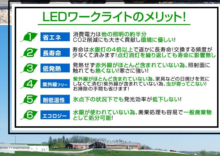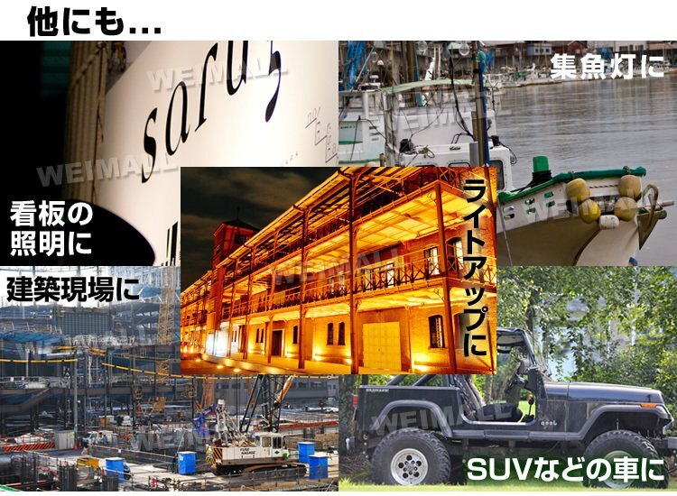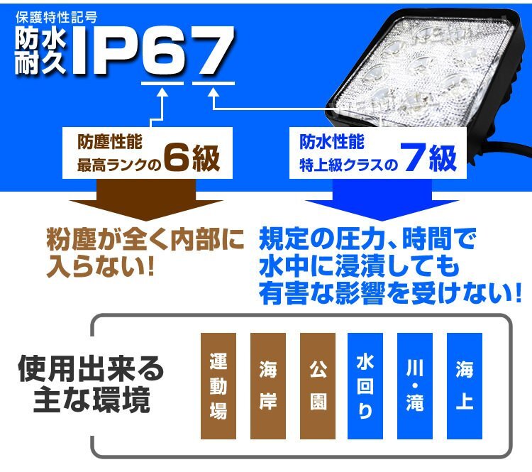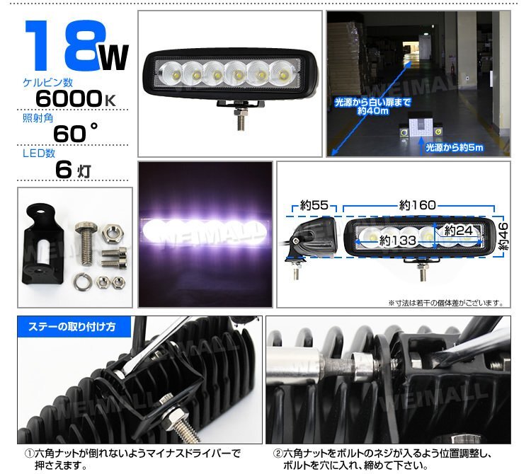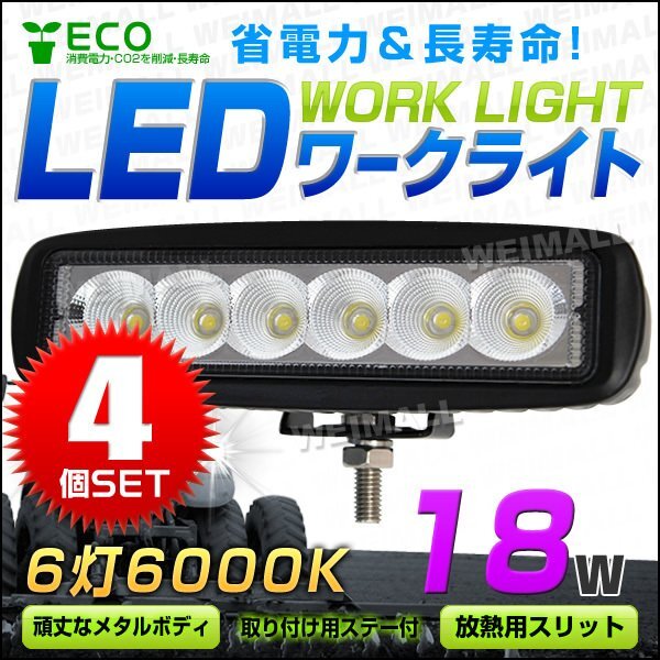 | お得用 4個セット LED作業用(ワークライト) 明るくコンパクトな汎用LED作業灯(ワークライト)です。 漁船・漁業、農業機械、建設機械、工程機械、トラック、デッキライト等に、災害時の備えに、工事現場に様々な場面で活躍! 防水性能IP67だから車両搭載や屋外使用も可能!! 取付ステーで上下のライト角度調整可能!! バッテリーのプラスとマイナスの接続だけですぐに使用出来ます。 ◎主な用途 ・トラックの荷台用の照明 ・フォークリフトのライト ・除雪車のライト ・海苔漁の常夜灯 ・漁業の集魚灯 ・キャンプ等では車などのバッテリーに繋いで使用可能 ■商品仕様 LEDパワー:18W 動作電圧:10V〜30V 色温度:6000K 防水等級:IP67 LED:3w×6pcs 18Wの高出力LED 照射角:広角タイプ(光角度:60度) 長寿命(約):30000時間 本体材質:アルミ合金 レンズ材質:PMMA 配線の長さ(約):430mm サイズ(約):160×46×55mm(取付金具除く) 重量(約):410g ■注意事項 本製品はDC電源(直流電源)仕様となっております。AC電源(交流電源)では絶対に使用しないでください。 | ◇入荷状況により細かな仕様変更がございます。その場合、写真ではなく現物が重視されますので神経質な方は入札をご遠慮ください。 ◇当商品は海外製品になりますので、細かいキズ、ネジのゆるみなどがある場合がありますが、返品・交換対象とはなりません。神経質な方のご入札はご遠慮ください。 ◇商品内容はあくまでも出品概要に基づきますのでご注意ください。 ◇本商品を使用した際に発生したトラブル、事故につきまして、当社は一切の責任を負いかねます。 ◇メーカーではないため、専門的なご質問にはお答えできません。 ◇検品・点灯確認済みですので破損以外の交換には応じられません。商品到着時にはその場で開封、破損の有無を確認し、破損の場合には受け取らないか配送業者に申し出てください。 ◇加工および一度装着した商品の返品・交換には対応できません。事前の確認をお願いします。 また、商品の取付にかかわる費用等の弁済には対応できません。 ◇付属のコードなどの切断による、繋ぎ変えなどをされた商品に対しての、返品・交換は致しません。 ◇取り付けによる破損接続不良等責任を負いかねますので専門業者に依頼するかご自身の責任でお取り付けください。 ◇初期不良時のいきなりの「悪い・非常に悪い」での評価連絡に対しては対応できません。 |
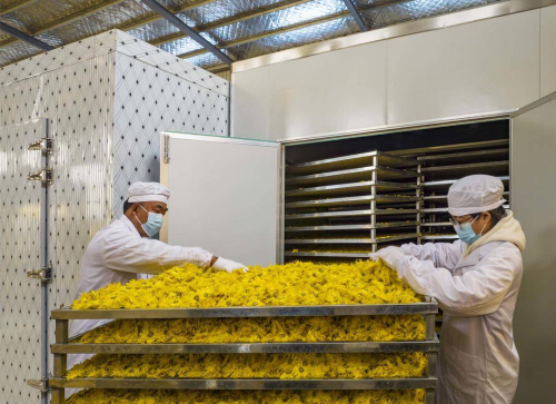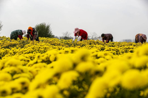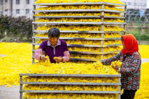 今年夏季,當地農民在收獲油菜后種植了450畝的婺源皇菊和金絲皇菊。村民們穿梭在“花海”之中,趁著晴好天氣采摘成熟的花朵,再進行烘烤、銷售,田間地頭一派繁忙的豐收景象。
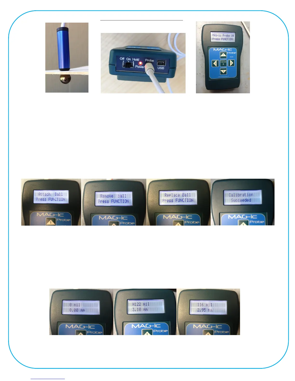 Ÿ Attach magnet to Probe. MAG-ic probe is supplied with 2 magnets, a ½” ball and a smaller
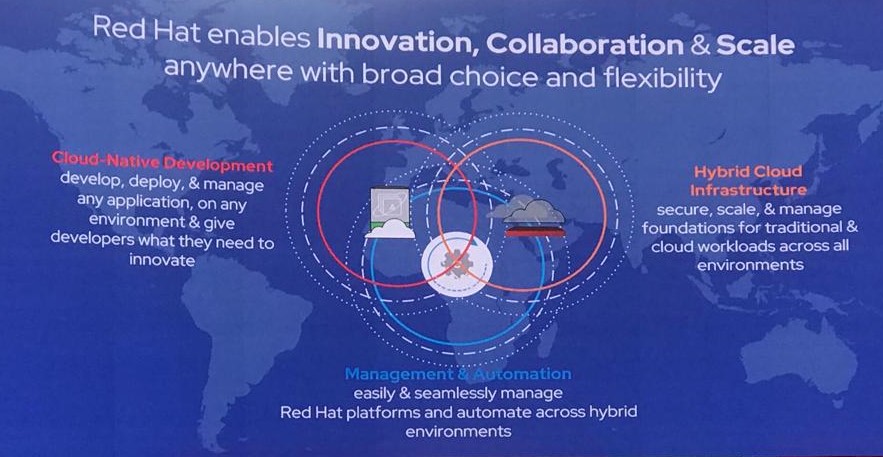 A tutto ciò si aggiunge un'ulteriore dimensione nella quale Red Hat sta investendo in maniera significativa che è rappresentata dal voler rendere le tecnologie acquisibili, fruibili, gestibili con la maggior libertà di scelta e flessibilità possibile, nonché in totale autonomia presso i propri data center piuttosto che acquisibili sempre e installabili presso i data center di uno più cloud provider di riferimento e di fiducia, mantenendone comunque il controllo operativo, per arrivare poi al massimo grado di flessibilità e di libertà rappresentato dal delegare in toto tanto la gestione commerciale con politiche, per esempio, pay ‘per use, quanto la gestione operativa della tecnologia a un cloud provider di riferimento e di fiducia e/o a più cloud provider.

• • •

### Task objective
Write all the lines above out again exactly, minus the images.

### Response to the exercise
 | お得用 4個セット LED作業用(ワークライト) 明るくコンパクトな汎用LED作業灯(ワークライト)です。 漁船・漁業、農業機械、建設機械、工程機械、トラック、デッキライト等に、災害時の備えに、工事現場に様々な場面で活躍! 防水性能IP67だから車両搭載や屋外使用も可能!! 取付ステーで上下のライト角度調整可能!! バッテリーのプラスとマイナスの接続だけですぐに使用出来ます。 ◎主な用途 ・トラックの荷台用の照明 ・フォークリフトのライト ・除雪車のライト ・海苔漁の常夜灯 ・漁業の集魚灯 ・キャンプ等では車などのバッテリーに繋いで使用可能 ■商品仕様 LEDパワー:18W 動作電圧:10V〜30V 色温度:6000K 防水等級:IP67 LED:3w×6pcs 18Wの高出力LED 照射角:広角タイプ(光角度:60度) 長寿命(約):30000時間 本体材質:アルミ合金 レンズ材質:PMMA 配線の長さ(約):430mm サイズ(約):160×46×55mm(取付金具除く) 重量(約):410g ■注意事項 本製品はDC電源(直流電源)仕様となっております。AC電源(交流電源)では絶対に使用しないでください。 | ◇入荷状況により細かな仕様変更がございます。その場合、写真ではなく現物が重視されますので神経質な方は入札をご遠慮ください。 ◇当商品は海外製品になりますので、細かいキズ、ネジのゆるみなどがある場合がありますが、返品・交換対象とはなりません。神経質な方のご入札はご遠慮ください。 ◇商品内容はあくまでも出品概要に基づきますのでご注意ください。 ◇本商品を使用した際に発生したトラブル、事故につきまして、当社は一切の責任を負いかねます。 ◇メーカーではないため、専門的なご質問にはお答えできません。 ◇検品・点灯確認済みですので破損以外の交換には応じられません。商品到着時にはその場で開封、破損の有無を確認し、破損の場合には受け取らないか配送業者に申し出てください。 ◇加工および一度装着した商品の返品・交換には対応できません。事前の確認をお願いします。 また、商品の取付にかかわる費用等の弁済には対応できません。 ◇付属のコードなどの切断による、繋ぎ変えなどをされた商品に対しての、返品・交換は致しません。 ◇取り付けによる破損接続不良等責任を負いかねますので専門業者に依頼するかご自身の責任でお取り付けください。 ◇初期不良時のいきなりの「悪い・非常に悪い」での評価連絡に対しては対応できません。 |
 今年夏季,當地農民在收獲油菜后種植了450畝的婺源皇菊和金絲皇菊。村民們穿梭在“花海”之中,趁著晴好天氣采摘成熟的花朵,再進行烘烤、銷售,田間地頭一派繁忙的豐收景象。
 Ÿ Attach magnet to Probe. MAG-ic probe is supplied with 2 magnets, a ½” ball and a smaller
 A tutto ciò si aggiunge un'ulteriore dimensione nella quale Red Hat sta investendo in maniera significativa che è rappresentata dal voler rendere le tecnologie acquisibili, fruibili, gestibili con la maggior libertà di scelta e flessibilità possibile, nonché in totale autonomia presso i propri data center piuttosto che acquisibili sempre e installabili presso i data center di uno più cloud provider di riferimento e di fiducia, mantenendone comunque il controllo operativo, per arrivare poi al massimo grado di flessibilità e di libertà rappresentato dal delegare in toto tanto la gestione commerciale con politiche, per esempio, pay ‘per use, quanto la gestione operativa della tecnologia a un cloud provider di riferimento e di fiducia e/o a più cloud provider.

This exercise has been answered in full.